# Duyuru > Önemli Kitaplar >  Büyük Satranç Tahtası

## bozok

*Aç kurdun iştahı*

*20/1/2010 / vaydin.blogcu.com*




Amerika özellikle son yüzyılda askeri, teknolojik ve ekonomik açıdan dünyanın en zengin ülkesi olarak bilinmektedir. Bu üstünlük sayesinde Amerika, dünya ülkeleri üzerinde belirleyici olma hakkını kendinde görüyor. Dünyanın neresinde olursa olsun, kendisi için önemli olabilecek plan ve programlar yapmakta ve bunu enformatik araç olarak kullanmaktan çekinmemektedir. Bunun en somut örneklerinden birisi, Ulusal Güvenlik Başkanı’na 1977’den 1981’e kadar hizmet eden Zbigniew Brzezinski’nin, _Avrasya ülkeleri’ne yönelik Amerika’nın ünceliği ve Bunun Jeostratejik Gerekleri_ alt başlığıyla hazırladığı _Büyük Satranç Tahtası_ adlı kitaptır. Ekonomik, kültürel ve askeri alanlarda hegemonik bir büyümeyle övünen Amerika’nın tarihi kadar dünya insanlığına hizmet etmiş Osmanlı İmparatorluğu’nun bakiyesi olan ülkemizin, geçmişinin aksine bugün ne kadar edilgen durumda bulunduğunu, bu kitabı okuyan her Türkiye vatandaşı üzülerek müşahede eder.

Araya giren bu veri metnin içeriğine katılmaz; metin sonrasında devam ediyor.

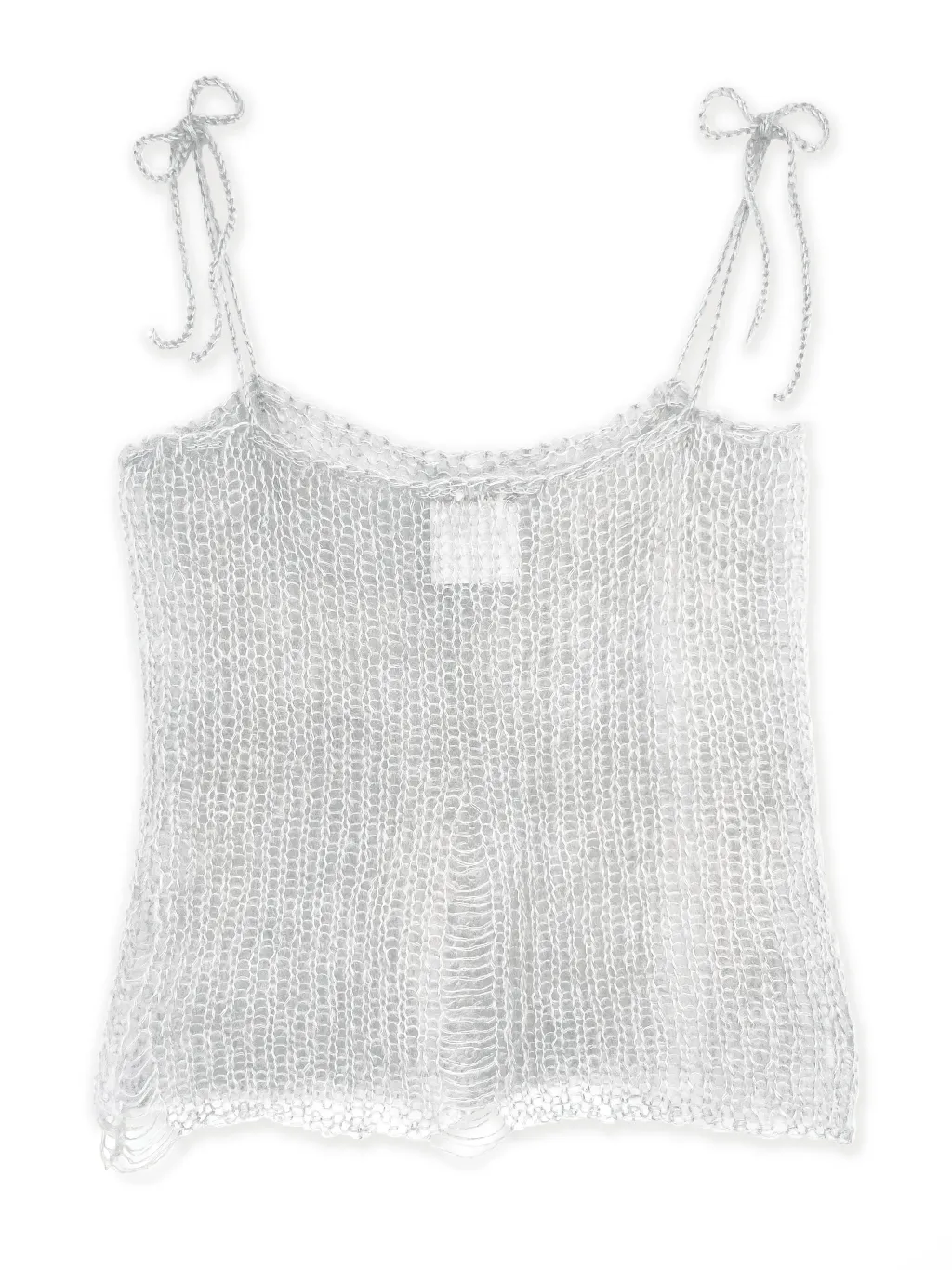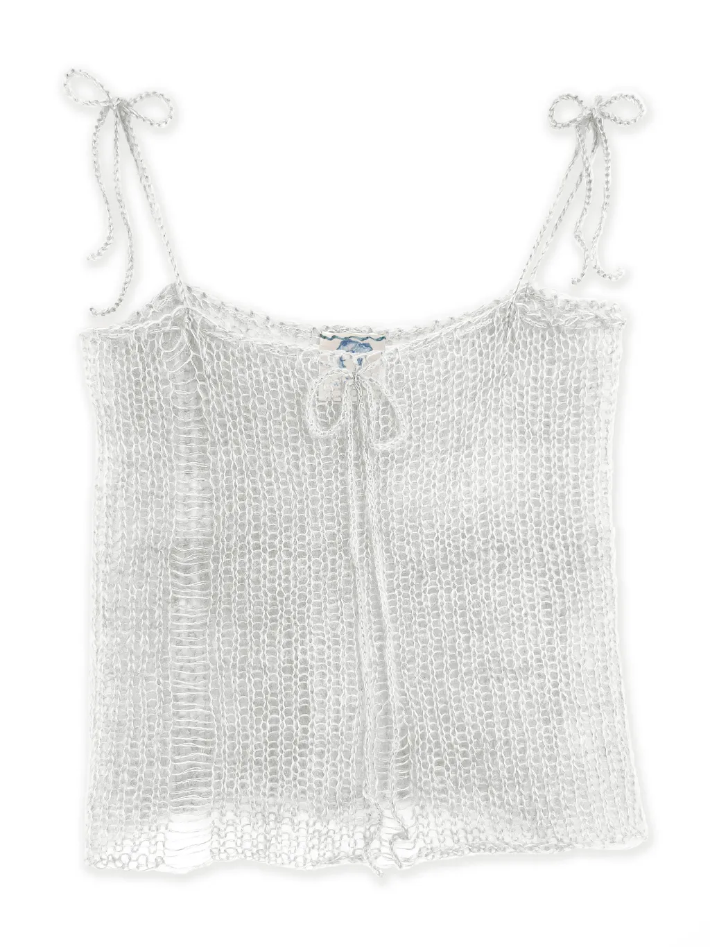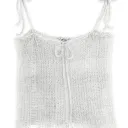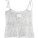 Camisole ample tricotée à la main avec fermeture à cordon ajustable au-devant. Comprends des bretelles d'ajustements à l'avant et l'arrière des épaules. Cet article peut être porté comme haut, jupe, ou châle à capuche.

Brzezinski daha giriş kısmında kitabın amacı olarak şunlara söylemektedir: “Amerika politikasının nihai hedefe, iyi huylu ve uzun vadeli eğilimlerle ve insanlığın temel çıkarlarıyla uyum halinde, ortaklaşa küresel bir topluluk oluşturmaktır. Fakat bu arada, Avrasya’ya egemen olma ve böylece Amerika’ya meydan okuma yeterliğine sahip bir rakibin ortaya çıkmaması şarttır.” 

Yedi bölümden oluşan kitabın mümeyyiz özelliği, bütün değerlendirmelerde Amerikan çıkarlarını öne alması ve bunu hegemonik bir hak olarak görmesi. Amerika Küresel Sisteminin dünya ülkelerini her açıdan etki altına aldığını rahatlıkla ifade eden Brzezinski, bunun kalıcı olması ve Amerikan çıkarlarını tehlikeye sokacak her adımdan dikkatle kaçınması gerektiğini de her fırsatta vurgulamaktadır. Bu küresel egemenliğin dünya ülkeleri üzerinde ne kadar etkili olduğunu rahatlıkla anlatılmaktadır: “Kültürel egemenlik, Amerikan gücünün az değerlendirilen bir yöne olmuştur. Estetik değerleri hakkında ne düşünülürse düşünülsün Amerikan kitle kültürü, özellikle dünya gençliği üzerinde manyetik bir çekim oluşturmaktadır. Bu çekim gücü, onun yansıttığı hazza dayalı yaşam biçiminin niteliğine dayandırılabilir, ama küresel cazibesi inkar edilemez. Amerikan televizyon programları ve filmleri küresel pazarın yaklaşık dörtte üçünü kaplamaktadır. Amerika’nın geçici hevesleri, yemek alışkanlıkları ve hatta giysileri dünya çapında giderek taklit edilirken, Amerikan popüler müziği de aynı derecede baskındır. İnternet’in dili İngilizcedir ve küresel bilgisayar sohbetlerinin büyük bölümü de Amerikan kaynaklı olup küresel söyleşilerin içeriğini etkilemektedir. Son olarak Amerika, yaklaşık yarım milyon yabancı öğrencinin ülkeye akın etmesiyle ve bunların en yeteneklilerinin bir daha ülkelerine geri dönmemeleriyle ileri eğitim arayanların Kabe’si haline gelmiştir. Amerikan üniversitelerinden mezun olanlara her kıtadaki hemen her hükümette rastlanmaktadır. (s. 27). Aynı şekilde, yabancı hükümetlerin etnik veya dinsel kimliklerini paylaştıkları Amerika’yı, davalarını yürütmek üzere harekete getirdikleri ve Kongre’de lobicileri kullandıkları, Amerika başkentinde yaklaşık bin özel yabancı çıkar grubunun kayıtlı bulunduğu belirtilmektedir. Yahudi, Yunan ve Ermeni lobileri bunların en etkili olanlarıdır.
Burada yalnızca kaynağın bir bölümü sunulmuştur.